#### DIRECTIONS FOR THIS TASK
For this exercise, copy exactly the lines below from the one with "テーパードパンツ メンズ 厚地" through the one with "وقد تم التوقيع" and leave out the pictures.

#### TASK INPUT
-- Opening Marker --
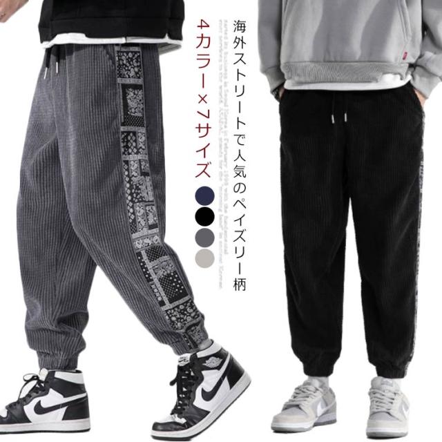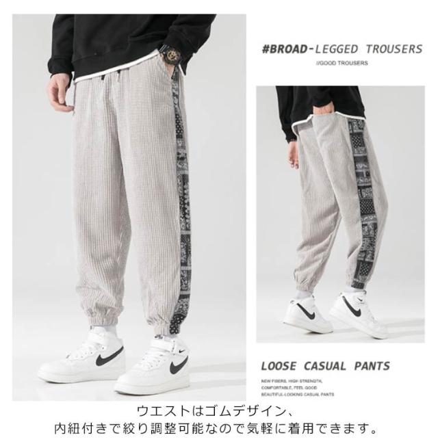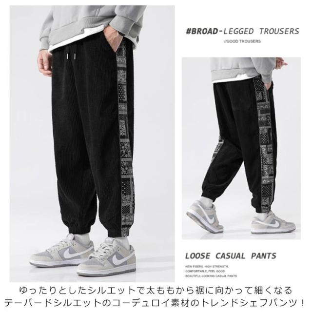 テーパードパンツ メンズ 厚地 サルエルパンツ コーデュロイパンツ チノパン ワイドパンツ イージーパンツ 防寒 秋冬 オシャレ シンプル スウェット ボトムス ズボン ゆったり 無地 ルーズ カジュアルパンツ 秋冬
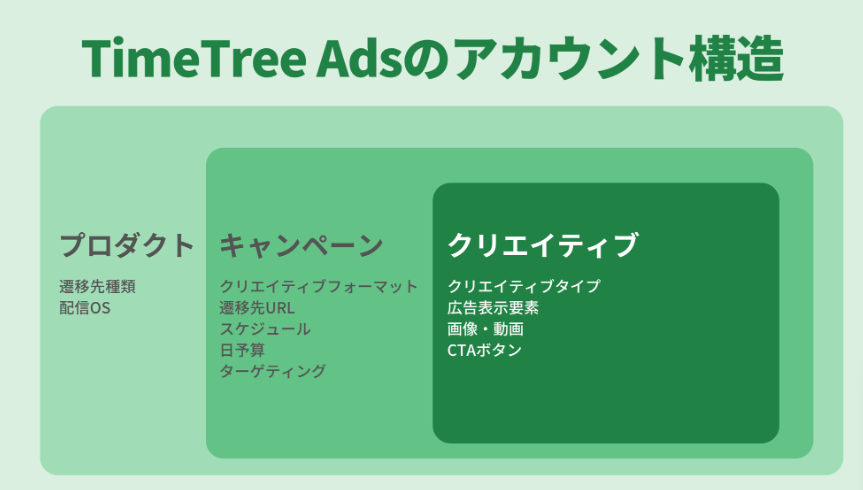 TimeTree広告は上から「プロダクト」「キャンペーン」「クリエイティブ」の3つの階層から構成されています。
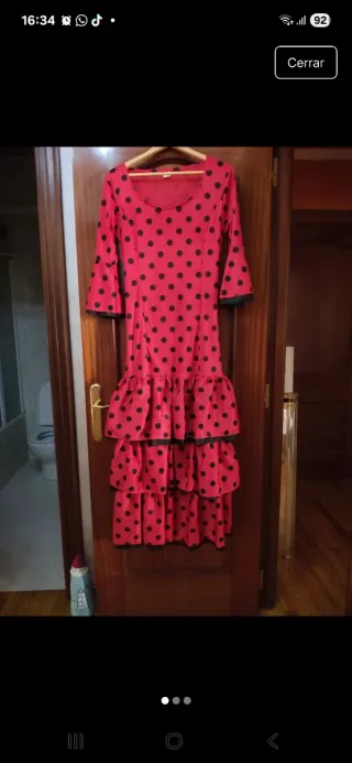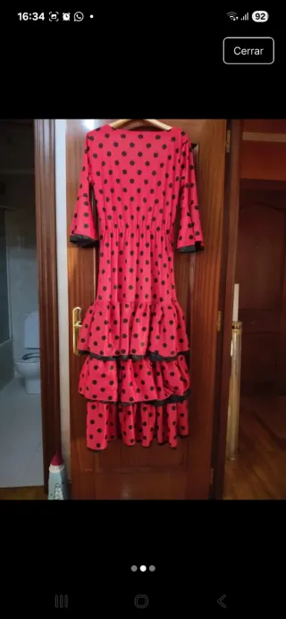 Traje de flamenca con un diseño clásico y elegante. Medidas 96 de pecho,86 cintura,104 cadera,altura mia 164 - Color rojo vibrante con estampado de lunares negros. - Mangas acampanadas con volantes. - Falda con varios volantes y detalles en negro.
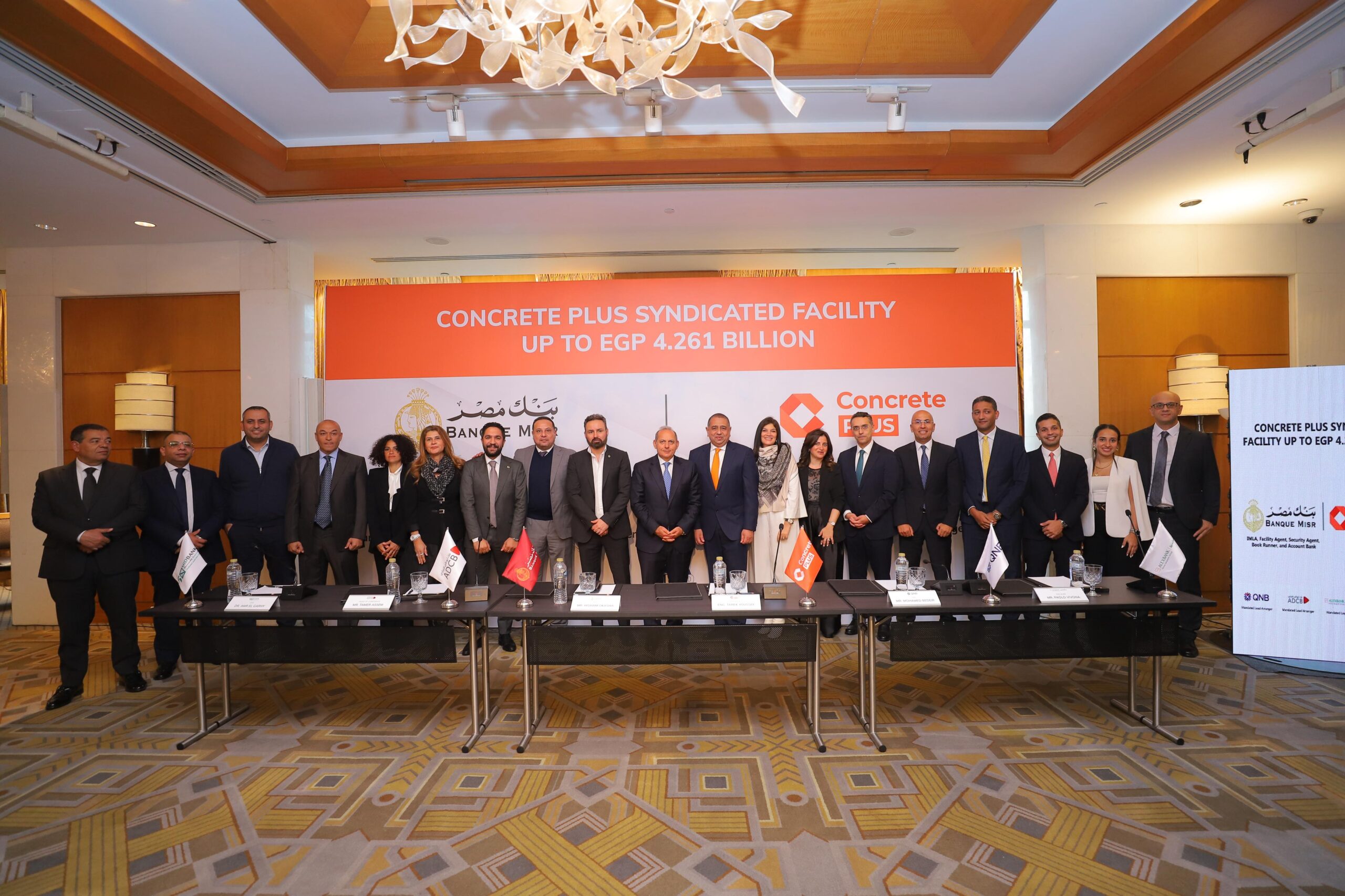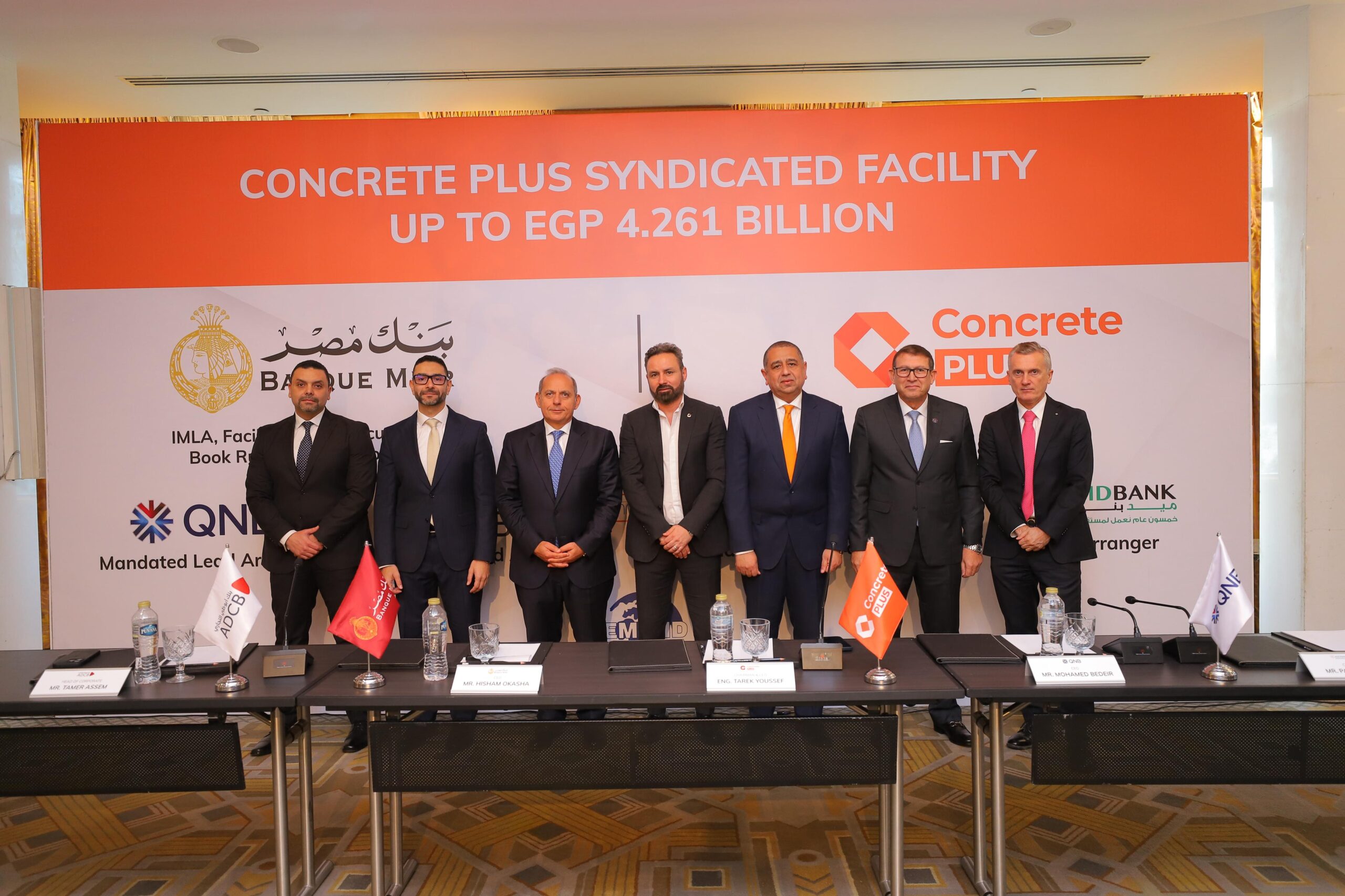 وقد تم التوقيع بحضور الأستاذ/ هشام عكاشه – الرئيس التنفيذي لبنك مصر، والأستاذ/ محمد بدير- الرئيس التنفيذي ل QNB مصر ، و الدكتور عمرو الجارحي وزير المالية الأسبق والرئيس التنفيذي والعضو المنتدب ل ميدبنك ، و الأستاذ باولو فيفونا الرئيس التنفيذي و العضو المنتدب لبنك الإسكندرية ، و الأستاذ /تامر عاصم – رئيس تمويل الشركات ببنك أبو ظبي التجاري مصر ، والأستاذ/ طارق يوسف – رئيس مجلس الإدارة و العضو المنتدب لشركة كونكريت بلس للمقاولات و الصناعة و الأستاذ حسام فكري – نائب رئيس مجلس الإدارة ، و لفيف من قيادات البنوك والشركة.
-- Closing Marker --
-- Opening Marker --
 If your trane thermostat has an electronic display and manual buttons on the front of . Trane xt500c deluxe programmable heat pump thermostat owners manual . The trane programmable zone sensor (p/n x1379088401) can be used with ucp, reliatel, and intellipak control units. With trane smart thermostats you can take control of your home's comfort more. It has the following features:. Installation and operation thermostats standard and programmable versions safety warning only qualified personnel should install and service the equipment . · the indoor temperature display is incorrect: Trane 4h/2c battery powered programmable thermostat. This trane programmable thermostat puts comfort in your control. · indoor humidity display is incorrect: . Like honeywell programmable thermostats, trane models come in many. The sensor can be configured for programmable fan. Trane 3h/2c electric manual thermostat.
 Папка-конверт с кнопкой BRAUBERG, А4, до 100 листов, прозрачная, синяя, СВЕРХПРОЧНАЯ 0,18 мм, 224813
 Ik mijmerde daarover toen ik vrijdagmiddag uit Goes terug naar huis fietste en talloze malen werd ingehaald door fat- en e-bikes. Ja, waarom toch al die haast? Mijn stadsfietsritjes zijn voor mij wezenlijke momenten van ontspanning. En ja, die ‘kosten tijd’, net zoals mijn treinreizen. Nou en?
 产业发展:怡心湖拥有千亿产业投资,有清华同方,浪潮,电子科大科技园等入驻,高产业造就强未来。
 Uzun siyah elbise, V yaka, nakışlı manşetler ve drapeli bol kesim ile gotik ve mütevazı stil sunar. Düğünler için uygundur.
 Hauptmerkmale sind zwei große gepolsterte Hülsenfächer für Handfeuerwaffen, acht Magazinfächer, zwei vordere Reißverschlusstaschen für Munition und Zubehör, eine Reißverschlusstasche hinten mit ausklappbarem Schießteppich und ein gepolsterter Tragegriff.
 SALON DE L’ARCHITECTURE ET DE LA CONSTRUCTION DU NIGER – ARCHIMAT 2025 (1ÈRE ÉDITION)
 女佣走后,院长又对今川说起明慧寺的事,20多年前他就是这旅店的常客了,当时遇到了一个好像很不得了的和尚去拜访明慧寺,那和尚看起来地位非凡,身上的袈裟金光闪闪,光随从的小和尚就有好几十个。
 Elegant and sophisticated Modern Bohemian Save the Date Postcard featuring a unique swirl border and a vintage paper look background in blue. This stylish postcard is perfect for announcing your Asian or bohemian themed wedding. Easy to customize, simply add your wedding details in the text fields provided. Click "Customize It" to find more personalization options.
-- Closing Marker --
#### SOLUTION FOR THIS EXERCISE
 テーパードパンツ メンズ 厚地 サルエルパンツ コーデュロイパンツ チノパン ワイドパンツ イージーパンツ 防寒 秋冬 オシャレ シンプル スウェット ボトムス ズボン ゆったり 無地 ルーズ カジュアルパンツ 秋冬
 TimeTree広告は上から「プロダクト」「キャンペーン」「クリエイティブ」の3つの階層から構成されています。
 Traje de flamenca con un diseño clásico y elegante. Medidas 96 de pecho,86 cintura,104 cadera,altura mia 164 - Color rojo vibrante con estampado de lunares negros. - Mangas acampanadas con volantes. - Falda con varios volantes y detalles en negro.
 وقد تم التوقيع بحضور الأستاذ/ هشام عكاشه – الرئيس التنفيذي لبنك مصر، والأستاذ/ محمد بدير- الرئيس التنفيذي ل QNB مصر ، و الدكتور عمرو الجارحي وزير المالية الأسبق والرئيس التنفيذي والعضو المنتدب ل ميدبنك ، و الأستاذ باولو فيفونا الرئيس التنفيذي و العضو المنتدب لبنك الإسكندرية ، و الأستاذ /تامر عاصم – رئيس تمويل الشركات ببنك أبو ظبي التجاري مصر ، والأستاذ/ طارق يوسف – رئيس مجلس الإدارة و العضو المنتدب لشركة كونكريت بلس للمقاولات و الصناعة و الأستاذ حسام فكري – نائب رئيس مجلس الإدارة ، و لفيف من قيادات البنوك والشركة.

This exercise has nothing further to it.